Monday, October 03, 2022

Real estate feeding frenzy eases

Staff Writer | September 14, 2021 1:08 AM


Photo courtesy of Anne Anderson

Anne Anderson with Lakeshore Realty in Coeur d'Alene.


Photo courtesy of Marilee Wallace

Marilee Wallace with Tomlinson Sotheby's International Realty in Coeur d'Alene.

COEUR d’ALENE — The wild real estate market ride in Kootenai County might be calming down.

As of Sept. 9, there were over 1,200 local MLS listings. That's more than triple the number of listed homes in January.

Anne Anderson, a broker with Lakeshore Realty since 1987, said this run-up on real estate is “totally unlike anything we’ve ever seen.”

As a witness to the 2008 housing market crash, Anderson said in that case, the market increased then “quickly dropped off.” This time around, she believes the current market “is going to remain the status quo.”

As an agent with Professional Realty Services since 2017, and experience flipping real estate that dates back to 2005, Kevin Scherer also has witnessed the market’s ups and downs.

Scherer believes the market is finally on the verge of equilibrium.

“Buyers will start seeing that they have more choices,” he said. “The prices will begin to level out.”

The biggest factor driving up real estate prices was lack of availability, Scherer said.

“It will take new construction catching up and increasing inventory,” he said.

The new inventory will relax the used-inventory market by allowing locals wishing to upgrade, downsize or move to a different style of home or a new neighborhood to put their homes on the market.

“This will allow the market to return to a normal appreciation rate,” Scherer said.

He noted that more people are moving here from California than Idahoans are moving to other states.

“About 21,000 people moved to Idaho from California this year, while only about 5,000 Idahoans moved to California,” Scherer said. States like Washington, Oregon and Montana are seeing equal numbers coming and going.

Scherer doesn’t buy into the hype that Idaho will turn into another version of California.

“Everyone I’ve worked with in coming into Idaho has similar values to the other people living here,” he said. “People are migrating here because they are fed up with their state’s policies — that’s the biggest draw for North Idaho.”

Another less obvious aspect affecting the housing market is the “disproportionately high level of those 55 and up who are relocating here,” Scherer said. He said 80% of those coming to Kootenai County are 65 and older.

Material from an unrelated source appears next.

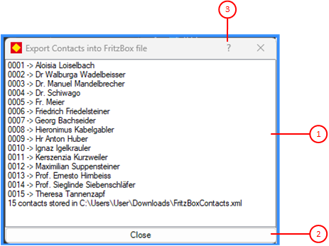 In addition to a completion message and any error messages, the exported or imported contacts are displayed here with a sequence number, a processing indicator, and the full name of the contact. The following processing indicators are used:

“They are looking for a specific floor plan — single-level, no stairs,” he said.

Anderson said preference isn't necessarily an “age thing,” as single-family homes with main-floor master suites are popular across the board.

Another trend Scherer has seen is extended family groups purchasing acreage that can be split up to create family compound of sorts.

“Out of 20 active clients, I have four or five that are doing this right now,” Scherer said.

Anderson attributes slightly lower home prices to the listings being poorly priced in the first place. People may hear that their neighbor’s home sold for a certain amount, then add $100,000 to the list price, she said. Inevitably, they must bring the price down to get the sale.

Marilee Wallace, a new real estate agent with Tomlinson Sotheby’s International Realty, has experienced this extraordinary market without the benefit of years of experience.

“I wasn’t expecting so many unusual situations,” Wallace said. “Even the 20-, 30-year seasoned pros in the industry haven’t seen so many challenging negotiations as these past 12 months have unfolded.”

Similar to other real estate professionals, Wallace is seeing prices go down some, and availability increasing following this summer’s “frenzy of buying.”

Without a doubt, the market is still hot for sellers. Anderson recently listed a new-construction home by Architerra Construction with 1,857 square feet, three bedrooms and two bathrooms. Listed on Aug. 13, Anderson had buyers under contract Aug. 25. The home’s list price was $577,000.

Realtors across Kootenai County seem prepared to handle whatever the local market manifests.

“Bring it on,” Wallace said. “I can use this crazy market experience to hone my skills.”